Rid­ers on the STORM

Puffins – they laugh in the face of 200km/h winds!

World of Knowledge (Australia) - - History -

Its first steps are ten­ta­tive. Af­ter all, its legs aren’t used to steady ground. This young At­lantic puf­fin has spent four years on the high seas – with­out once re­turn­ing to dry land. It has seen waves higher than a house and flown through 200km/h win­ter storms. It has dived through salt wa­ter colder than ice. “And it has found the love of its life,” says Stephen Kress.

The Amer­i­can or­nithol­o­gist has been ob­serv­ing the colonies of puffins in New­found­land for more than 30 years. He has ded­i­cated his life to re­search­ing the species, “be­cause these an­i­mals sym­bol­ise the mean­ing of life like no other liv­ing be­ings.” Ev­ery year the same cou­ple pair up in the same colony. They bur­row a hol­low on the edge of a steep cliff, fur­nish their home with sea­weed and feath­ers, and raise a sin­gle chick there.

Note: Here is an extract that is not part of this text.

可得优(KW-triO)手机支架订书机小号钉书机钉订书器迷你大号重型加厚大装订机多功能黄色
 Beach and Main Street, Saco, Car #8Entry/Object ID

The house­proud par­ents keep it warm and clean, and fly tire­lessly round the clock to catch small fish with which to feed their nestling.

But af­ter five to six weeks some­thing weird hap­pens, some­thing vir­tu­ally un­heard of in the bird world: the young puf­fin crawls out of its hol­low for the first time in its life, top­ples over the cliff into the sea – and van­ishes. Lit­tle hatch­lings who have never seen the sun, never learnt how to catch fish; whose wings are too weak to carry their bod­ies, whose feath­ers have never got wet; these young things now tum­ble into the bit­terly cold dark blue wa­ter, pad­dle out to sea and never look back. It’s as if they are born to be called into the At­lantic. And as if their elders know how pow­er­ful this call is, for they stand mo­tion­less next to one an­other at the en­trance to their bur­row, watch­ing their off­spring leap into the un­known.

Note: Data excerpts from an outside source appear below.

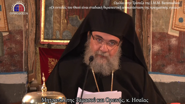 Ο Πανιερώτατος Μητροπολίτης Ταμασού και Ορεινής κ. Ησαΐας μιλώντας στην Τράπεζα της Ι. Μ. Μ. Βατοπαιδίου, κατά την εορτή του αγίου Παντελεήμονος του Ιαματικού, απευθυνόμενος στους Πατέρες της Μονής και μιλώντας για τον βίο και τη δράση του αγίου Παντελεήμονος αναφέρθηκε στη σημασία της παρουσίας των Αγίων στη ζωή του ανθρώπου, στο υπόδειγμα που Άγιοι αφήνουν με την μαρτυρία τους και το μαρτύριο τους προς τον άνθρωπο, καθώς με την επιλογή τους να πολεμήσουν τα πάθη και να καλλιεργήσουν τις αρετές αξιώθηκαν της αγιότητας, η οποία είναι ο σκοπός και προορισμός του ανθρώπου.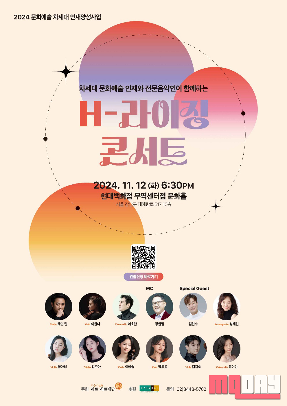 이번 콘서트는 하트-하트재단과 현대백화점그룹이 함께하는 ‘문화예술 차세대 인재 양성 사업’의 일환으로 마련된 자리로, 이 사업은 2018년부터 지금까지 123명의 인재를 발굴해왔다. 장학생들은 한국예술종합학교 조기 입학, 줄리어드 예비학교 입학, 싱가포르 국제콩쿠르 1위 등 눈부신 성과를 내며 활약하고 있다.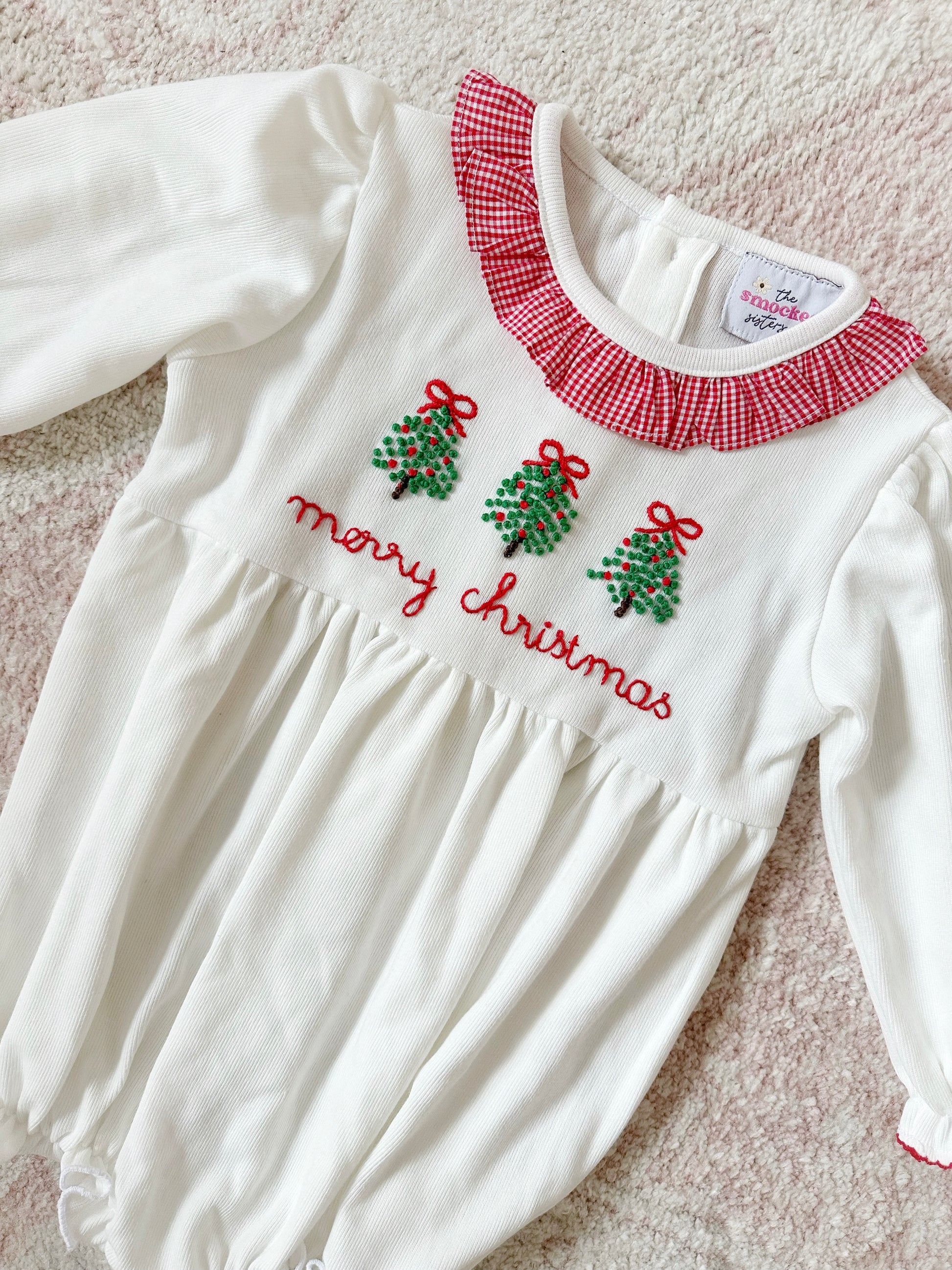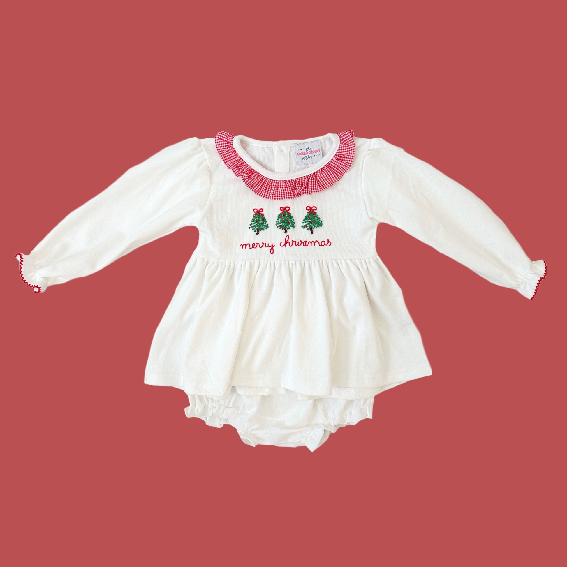 - This diaper set is made in a soft sweater material fabric and is the perfect comfy Christmas outfit! It features “merry Christmas” in red embroidery along with French knot Christmas trees!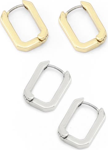 Show off industrial-chic shine with this set of sculptural huggie hoop earrings crafted in hexagonal silhouettes.

The North At­lantic is con­sid­ered one of the most dan­ger­ous oceans in the world, even in sum­mer. But in win­ter it is noth­ing less than a hellish night­mare of mon­ster waves, fields of pack ice and bliz­zards. What hap­pens to the chicks out at sea? “It might sound un­be­liev­able,” says Kress, “but they learn to catch fish and sort them in their mouths. They ac­cli­ma­tise to the sun and the Earth’s mag­netic field and get the hang of nav­i­ga­tion. They spread their wings and be­come sur­pris­ingly fleet fliers.”

Four years pass be­fore the an­i­mals reach adult­hood and be­come ac­quainted with the puf­fin they will spend the rest of their lives with. To­gether the new pair re­treat to their colony to raise their own sin­gle chick, be­fore watch­ing on proudly as it fol­lows the call of life.